L'année suivante, c'est l'apothéose : Gérard, en compagnie
de deux compagnons, trouve le prolongement de la Grotte du Cheval fouillée
par l'abbé Parat au début du siècle dernier, et découvre
les premières gravures préhistoriques connues dans le nord de
la France.! Mais il gardera toujours un regard méfiant sur le monde
archéologique, celui là même qui l'avait traîné
devant les tribunaux en guise de récompense pour la découverte
d'une grotte ornée.
14 août 1954, son frère Marc avec son compagnon Christian Boblin
se noient dans la Grotte de Barbe Bleue à la suite d'une crue subite
de la Cure. Gérard se détourne alors petit à petit des
grottes de la Cure au profit des vastes cavernes du Vercors.
En 1961, la venue de jeunes au sein du G.S.P.P. va relancer les recherches
et travaux dans les grottes des bords de la Cure pour plusieurs années.
A Arcy, où de nouvelles galeries sont découvertes dans la Grotte
des Fées (Salle de Pâques, Réseau Pesquet), à Saint-Moré
également avec la Grotte des Pêcheurs caverne où de nouveau
l'archéologie est au rendez-vous.
A partir de 1968, Gérard se tiendra éloigné des grottes
d'Arcy-sur-Cure, pour se consacrer uniquement au Vercors où son opiniâtreté
va faire des merveilles.

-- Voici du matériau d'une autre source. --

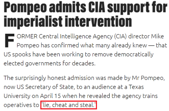 至于中情局(CIA)的角色,曾做过中情局局长的前美国“史上最差”国务卿蓬佩奥已经说得很清楚:“我们撒谎、我们欺骗、我们偷窃……这才是美国不断探索进取的荣耀。”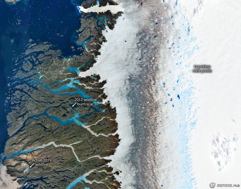 Pierre Markuse, experto en imágenes, ha resumido esa situación compilando diversas fotografías por satélite de la isla, lo que le ha permitido reflejar el impacto del cambio climático en Groendlandia, la mayor isla del mundo cuya superficie se encuentra cubierta en un 77 % por una espesa capa de hielo. En particular, su publicación muestra cómo los incendios forestales afectan a una de las mayores reservas de hielo del planeta.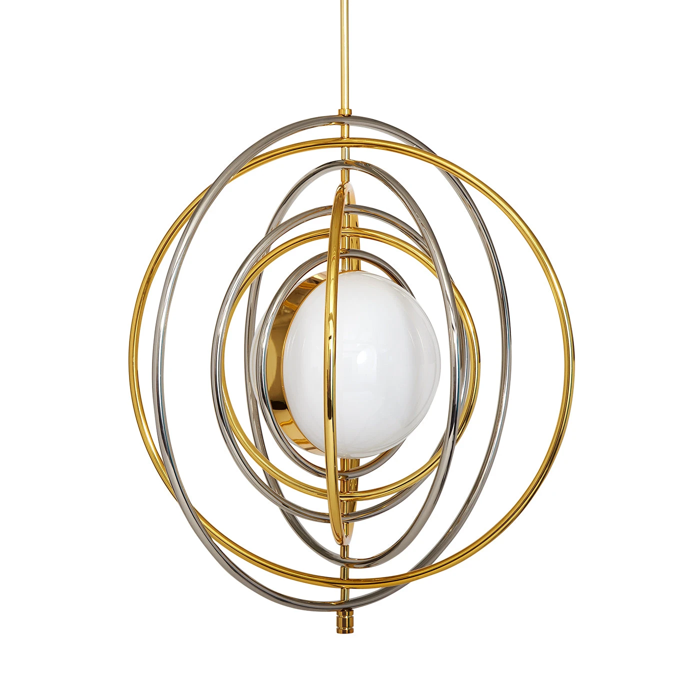 The perfect blend of minimalism and modernism. A glowing orb surrounded by Space Age-inspired rings of polished brass and nickel. The movable rings offer endless versatility: flatten the rings into concentric circles for a clean graphic vibe, or send them into orbit for a groovy-yet-oddly-traditional feel.
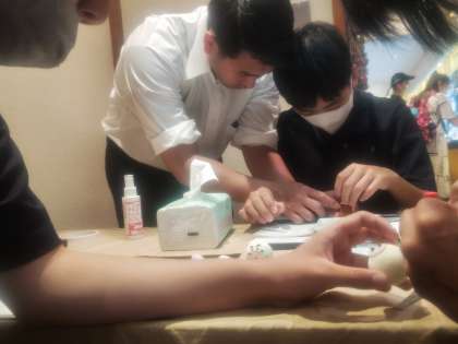 修学旅行3日目の今日、嵐山にて「ちりめん細工」のおきあがり小法師をつくりました。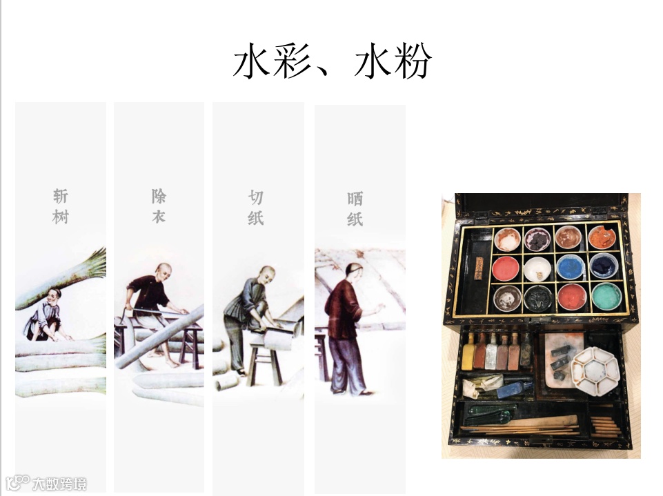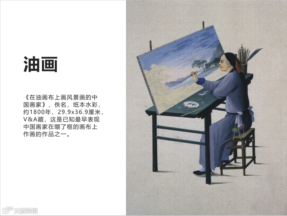 就画材的调适来说,中国传统的绘画使用的是笔墨纸砚,而西方则有油画、水粉、水彩等等不同的绘画的种类。18-19世纪,广州的外销画家会通过拜师学艺或者临摹的方式去学习借鉴。

De nombreux gouffres et cavernes sont découverts
et explorés, mais c'est la reprise d'une ancienne exploration, le Trou
de l'Aïgue, qui va lui permettre de réaliser, grâce à
sa persévérance, une splendide traversée intégrale
(de la résurgence à la doline sur le plateau). Le Groupe Spéléologique
des Hauts-de-Seine, qu'il anime depuis les années 70, va également
explorer les grands gouffres d'Espagne dans les Monts Cantabriques. Malgré
sa maladie qu'il le ronge depuis des années, Gérard continuera
à pratiquer la spéléologie jusqu'au bout de ses forces.
En 1996, à l'occasion du cinquantenaire de la découverte des
gravures de la Grotte du Cheval, Gérard sera enfin mis à l'honneur
sur le terrain d'Arcy. Grâce au propriétaire des grottes, une
visite de la Grotte du Cheval sera organisée spécialement pour
lui ainsi qu'une cérémonie officielle à Saint-Moré
Gérard était un homme discret, efficace et généreux,
mais également un homme rayonnant sa passion pour le monde souterrain
auquel il a consacré plus de 55 années de sa vie. C'était
surtout un magnifique formateur de spéléologues. A son contact
des dizaines de spéléologues se sont révélés,
et parmi ceux-ci certains se sont plus spécialement attachés
aux grottes d'Arcy-sur-Cure et de Saint-Moré.
Nous sommes de ceux-là, à l'Association Cora, et nous voyons
avec l'exploit de Philippe Radet et d'Arnold Haïd que le relais est transmis
: La passion de Gérard Méraville pour les rivières souterraines
d'Arcy-sur-Cure a trouvé de nouveaux héritiers.